**TASK DIRECTIONS:** The copy should hold only the line containing "Axeman 16x24 Frame" and the lines after it through the end of the material, each exact, with no pictures.

**INFORMATION SHOWN:**
BEGIN

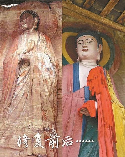 这一精致慎重的修复过程,可谓是对“国之重器”的修复标准,也是公众对文物修复的心理认可。但是,今年8月,有网友在微博上转发的四川省安岳县峰门寺摩崖造像修复前后的对比图,引发了一场全民关注文物修复事件的轩然大波。
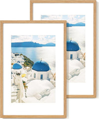 Axeman 16x24 Frame With Mat for 12x18, Solid Oak Wood 16x24 Poster Frame With Tempered Glass, 16 x 24 Picture Frame for Wall, 16 by 24 Wood Frame Home Decor, Hanging Hardware included, 2 PCs, Natural
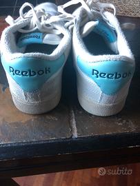 Vendo scarpe reebok in pelle bianche cin inserti azzurri, tg 43 utilizzate 5/6 volte al massimo.
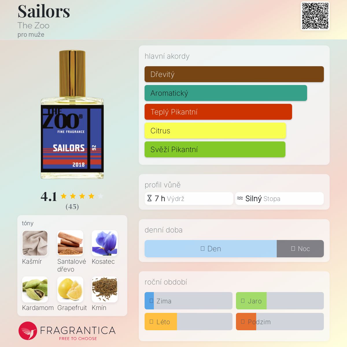 Sailors podle The Zoo je vůně pro muže. Sailors byl/a uveden/a v roce 2018. "Nosem" za touto vůní je Christophe Laudamiel. Vrchní tóny jsou Grapefruit, Kmín, Pelyněk, Bříza, Neroli, Koriandr, Mandarinka, Fialkový list, Bergamot, Hořký pomeranč a Citrón; střední tóny jsouKosatec, Kardamom, Jasmín, Jalovec, Skořice, Kořen orris, Zázvor a Pepř ; základní tóny jsou Kašmír, Santalové dřevo, Mořská řasa, Čaj, List skořice, Cedr, Kůže, Tahitský vetiver, Jantar (ambra), Dubový mech, Hřebíček a Wolfwood.

END

**ANSWER TO THIS EXERCISE:**
 Axeman 16x24 Frame With Mat for 12x18, Solid Oak Wood 16x24 Poster Frame With Tempered Glass, 16 x 24 Picture Frame for Wall, 16 by 24 Wood Frame Home Decor, Hanging Hardware included, 2 PCs, Natural
 Vendo scarpe reebok in pelle bianche cin inserti azzurri, tg 43 utilizzate 5/6 volte al massimo.
 Sailors podle The Zoo je vůně pro muže. Sailors byl/a uveden/a v roce 2018. "Nosem" za touto vůní je Christophe Laudamiel. Vrchní tóny jsou Grapefruit, Kmín, Pelyněk, Bříza, Neroli, Koriandr, Mandarinka, Fialkový list, Bergamot, Hořký pomeranč a Citrón; střední tóny jsouKosatec, Kardamom, Jasmín, Jalovec, Skořice, Kořen orris, Zázvor a Pepř ; základní tóny jsou Kašmír, Santalové dřevo, Mořská řasa, Čaj, List skořice, Cedr, Kůže, Tahitský vetiver, Jantar (ambra), Dubový mech, Hřebíček a Wolfwood.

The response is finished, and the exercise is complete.